Provided this was all in one document (structured like a tree), would using the $inc operator in mongodb to increment 100+ counters at the same time in one operation be viable and not slow? The upside here being I can retrieve all of the statistics for one 'campaign' quickly in a single query.
Would this be better suited to redis and to do a zincrby for all of the applicable counters for the event?
Thanks
Depending on how your key structure is laid out I would recommend pipelining the zincr commands. You have an easy "commit" trigger - the request. If you were to iterate over your parameters and zincr each key, then at the end of the request pass the execute command it will be very fast. I've implemented a system like you describe as both a cgi and a Django app. I set up a key structure along the lines of this:
YYYY-MM-DD:HH:MM -> sorted set
And was able to process Something like 150000-200000 increments per second on the redis side with a single process which should be plenty for your described scenario. This key structure allows me to grab data based on windows of time. I also added an expire to the keys to avoid writing a db cleanup process. I then had a cronjob that would do set operations to "roll-up" stats in to hourly, daily, and weekly using variants of the aforementioned key pattern. I bring these ideas up as they are ways you can take advantage of the built in capabilities of Redis to make the reporting side simpler. There are other ways of doing it but this pattern seems to work well.

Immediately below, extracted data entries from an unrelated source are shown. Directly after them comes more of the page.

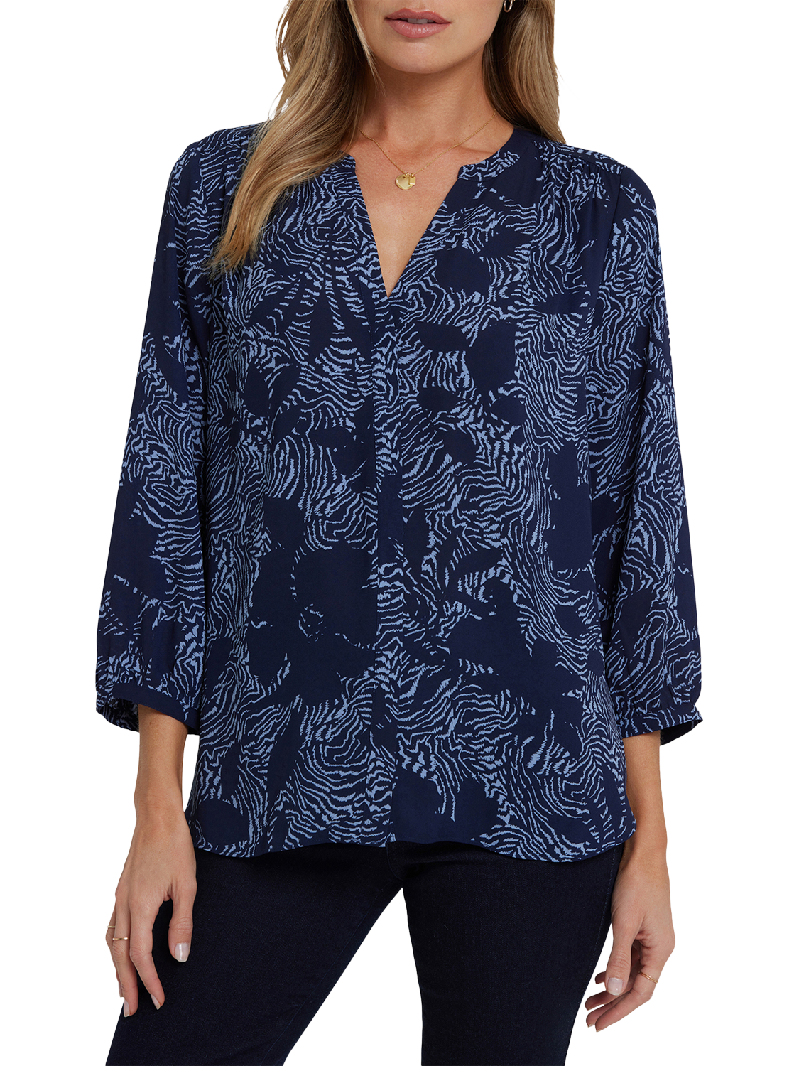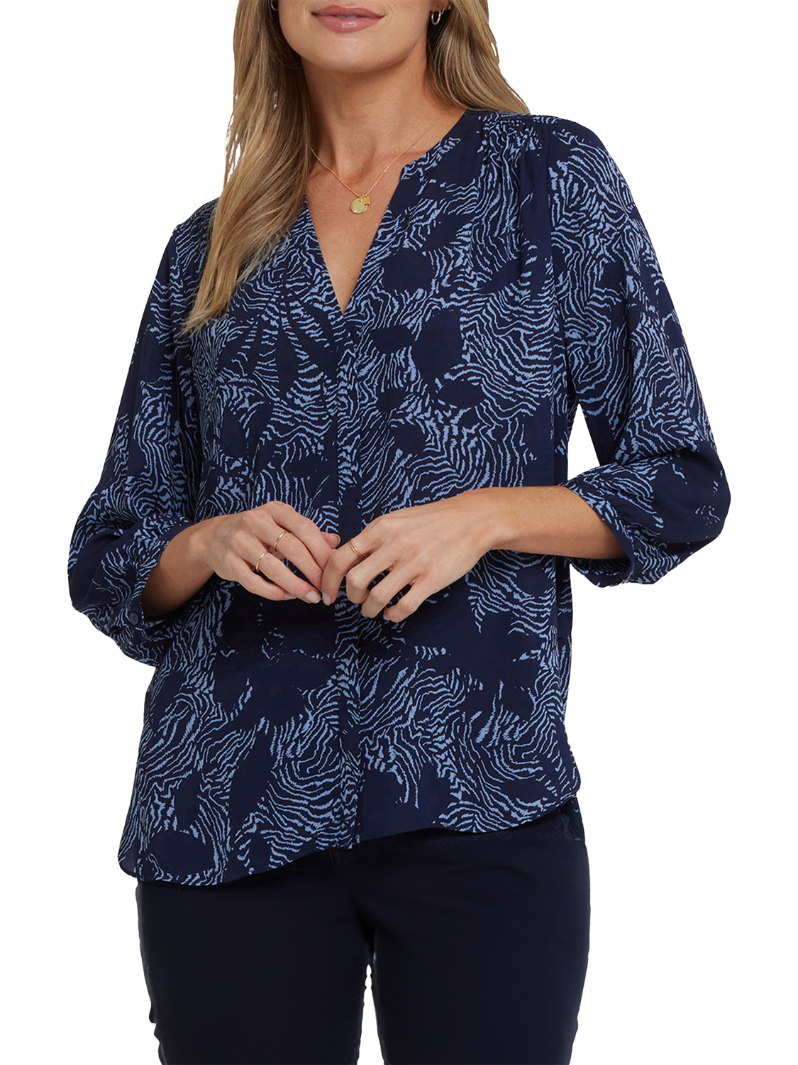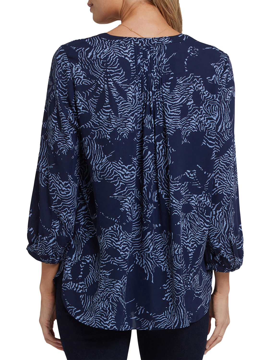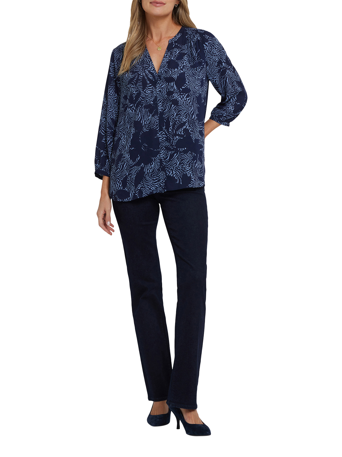 NYDJ's Pintuck Blouse has a billowy three-quarter-sleeved silhouette that's perfect when paired with any of our slimming denim styles. Pleating at the back yoke creates a sophisticated yet easy drape. Finished with a split round neckline, covered full front placket and button closures. This blouse's fabric is made with a sustainable polyester fibre created from 100% post-consumer plastic waste, resulting in less water and energy use and fewer greenhouse gas emissions without changing the look and feel of the fabric. The buttons are made with 50% post-consumer recycled polyester.
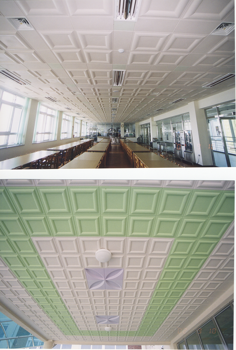 設計特點:本次項目工程所采用的高分子新材料天花板具體有抗菌、防水防潮耐腐蝕老化、節能環保、防火阻燃、易清洗等多種優點:吊頂裝飾中全部采用配套優質吊頂龍骨安裝系統,簡潔易安裝且承吊性好,預留照明安裝空間,使用配套的燈具使現場照明更加明亮,同時高分子新材料天花板所具有的的良好的隔音效果更好的滿足了現代化的商業中心的要求。
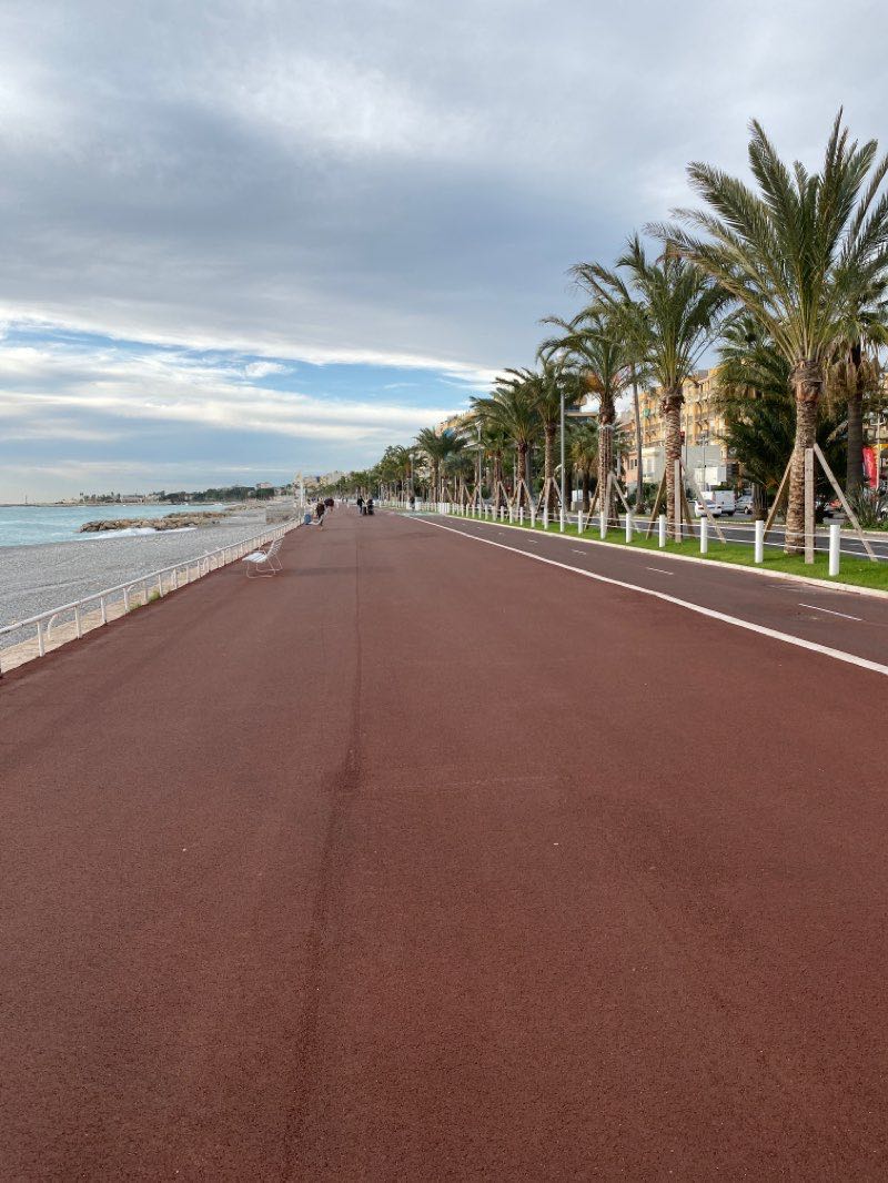 Ballade sympathique sur la promenade des Anglais à Nice. Vue imprenable sur la baie des anges. Parcs . Espèces végétales ( palmiers ). Nombreux bancs. Transports en commun.
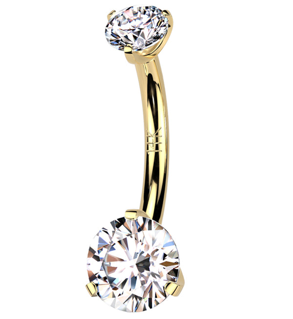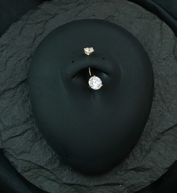 14kt Gold Double Flower Clear CZ Belly Button Ring14kt Gold Double Flower Clear CZ Belly Button Ring

As noted by eyossi the global lock can be a real problem with systems that do concurrent writes and reads. If you are writing this as a real time system the concurrency may well be an issue. If it is an "end if day" log parsing system then it would not likely trigger the contention unless you run multiple instances of the parser or reports at the time of input. With regards to keeping reads fast In Redis, I would consider setting up a read only redis instance slaved off of the main one. If you put it on the server running the report and point the reporting process at it it should be very quick to generate the reports.
Depending on your available memory, data set size, and whether you store any other type of data in the redis instance you might consider running a 32bit redis server to keep the memory usage down. A 32b instance should be able to keep a lot of this type of data in a small chunk of memory, but if running the normal 64 bit Redis isn't taking too much memory feel free to use it. As always test your own usage patterns to validate
In redis you could use multi to increment multiple keys at the same time.
I had some bad experience with MongoDB, i have found that it can be really tricky when you have a lot of writes to it...
you can look at this link for more info and don't forget to read the part that says "MongoDB uses 1 BFGL (big f***ing global lock)" (which maybe already improved in version 2.x - i didn't check it)
On the other hand, i had a good experience with Redis, i am using it for a lot of read / writes and it works great.
you can find more information about how i am using Redis (to get a feeling about the amount of concurrent reads / writes) here: http://engineering.picscout.com/2011/11/redis-as-messaging-framework.html
I would rather use pipelinethan multiif you don't need the atomic feature..

What level does mongodb write lock take place?

I am beginning to research technology for a project, that can have frequent large writes. I am wondering at what level does mongo write lock take place? Is it at the server level or database level? I have read http://www.mongodb.org/display/DOCS/How+does+concurrency+work but official documentation says. a write operation can block all other operations.
To me this means write locks are server level but I am hoping they are db level. Could someone please confirm or deny this?
At the moment, MongoDB does indeed have a global server lock. However, there is some additional code that will release the lock in case memory blocks have to be loaded from disk. It uses lock-yielding for that. Although this does not solve all concurrency issues, it addresses quite a few of the generally associated problems. This post describes it well: http://blog.pythonisito.com/2011/12/mongodbs-write-lock.html
From MongoDB 2.2, there will be a database-level lock, and also more work on yielding is done.